Preparing your yard for a new lawn is an important step to ensure you have a proper canvas for lush green grass.
Test Soil pH
If you’re planting new grass, be sure to test the pH level of your soil before you begin. The pH of your soil will indicate the grasses ability to draw nutrients from the soil. Hardware stores and nurseries sell do-it-yourself kits, as do gardening catalogs. Take a sample of your soil and after you’ve determined its pH, you’ll know what grass seed to plant and the soil compounds to grow the healthiest grass.

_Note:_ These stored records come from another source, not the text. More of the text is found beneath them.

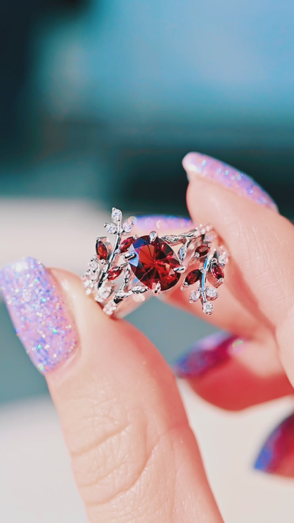 Add a touch of natural elegance with this Leaf Wedding Band, handcrafted in 14K solid white gold. Inspired by the beauty of nature, this enchanting ring features graceful leaf and vine motifs accented with deep red natural garnets and brilliant moissanite. Each gemstone is meticulously hand-set to create a warm, organic flow that symbolizes passion, strength, and everlasting love.
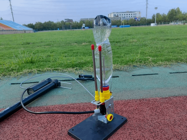 图4. 队员搭建的“弹簧滞后”和“水瓶火箭”实验装置
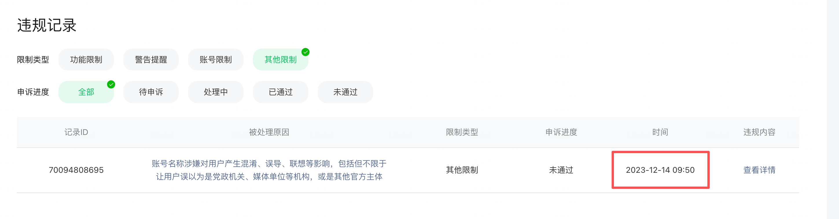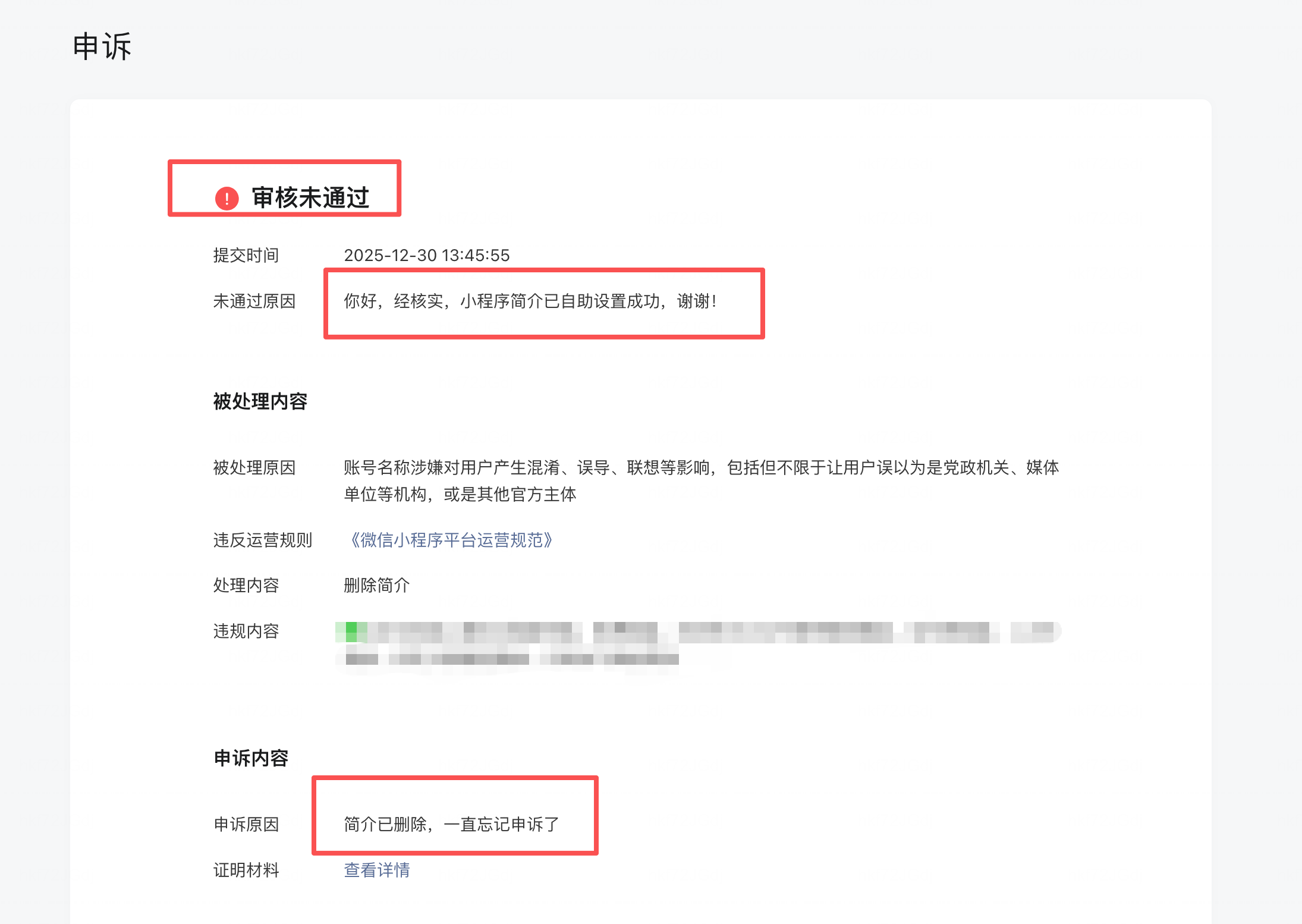 我方运营的微信小程序APPID:wx2f757d7efc522bb7,于2023年12月份因简介内容不符合规范收到系统处罚。当时因未及时知悉完整处罚规则及申诉通道,仅通过修改简介内容进行整改,未完成正式申诉流程。

For optimum growth, soil must have the proper pH, which is measured on a scale of 1 to 14, with 7.0 considered neutral. Numbers below 7.0 indicate your soil is acidic and a reading above 7.0 suggest alkalinity. Most plants prefer nearly neutral soil with a pH between 6.2 and 7.2 .
The best way to adjust your soil’s pH is to add organic material , such as compost , to your soil. This method balances both acidic and alkaline soils, while improving the structure of your soil. Raising soil pH is achieved by adding lime to the soil and lowering pH is accomplished by adding sulfur. For either method, it’s best to consult your local nursery or gardening store for the proper amounts to add.
Prime Your Soil
After you’ve brought your soil to its proper pH, be sure to prime it by removing all weeds and roots then rototilling several inches (six inches is recommended) to loosen compact heavy soil. You may want to also add loam, which is equal parts sand, silt and clay and compost the mixture to the soil to enrich it. Pack the soil with a roller and groom it with a metal rake.

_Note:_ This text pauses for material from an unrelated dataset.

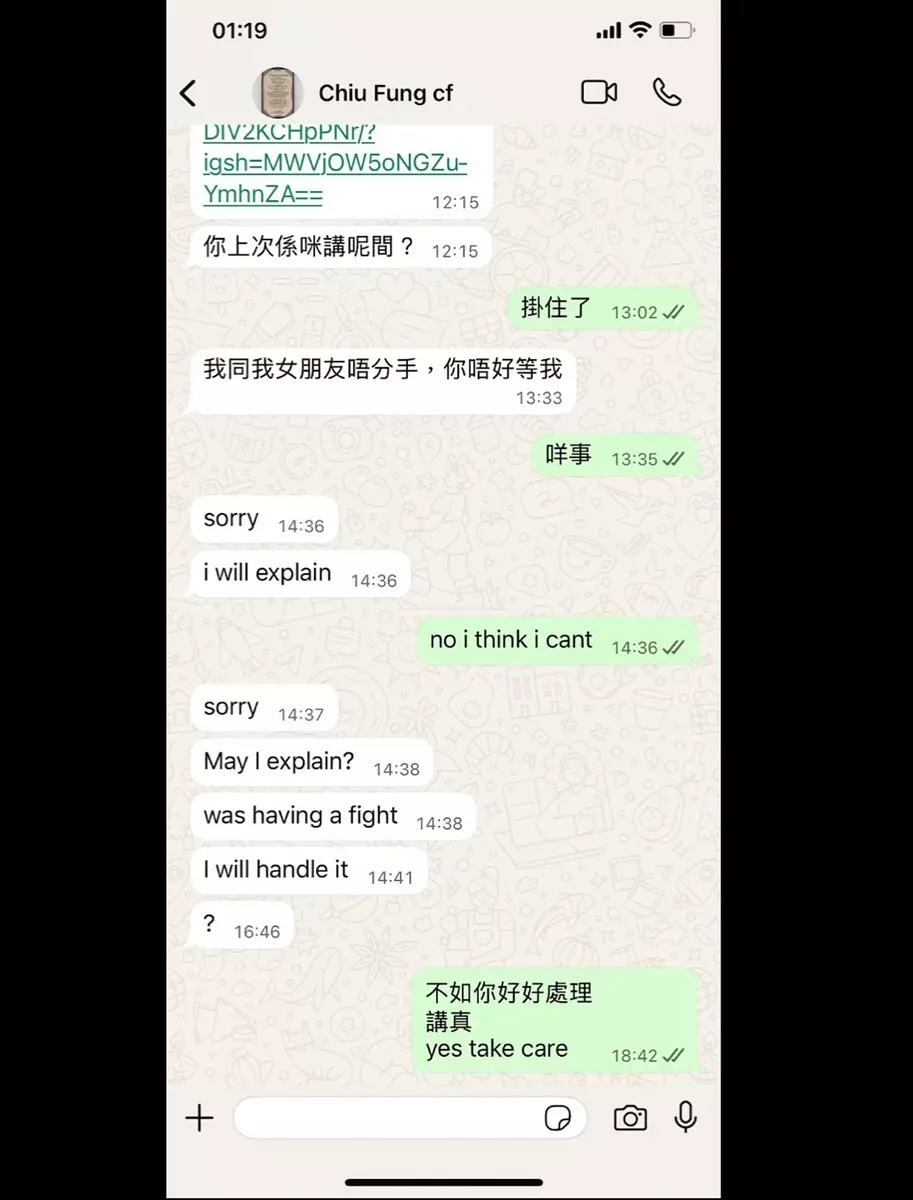 女化妝師Karen月前單方面公開與釗峰的戀情。

Choose the Right Grass Seed
Assess the sunlight available in the areas you will plant. If your lawn receives less than four hours of sun a day, select a grass that grows well in the shade. Some grasses prefer full sun, others tolerate shade better.
You want to select a seed that’s right for your climate, usage level (i.e. is your lawn for show or actual use?), and available sunlight. Popular warm-weather grasses include Bahia grass, Bermuda grass, Buffalo grass, Carpet grass, and Zoysia grass. Common cool-climate grasses are Ryegrass, Fescue grass, Bluegrass, and Bentgrass. For areas that have both cool and warm seasons (transition zones), cool-season grass types will be a better choice. If you need help, your local nursery will be well versed in the types of grasses that grow best in your climate.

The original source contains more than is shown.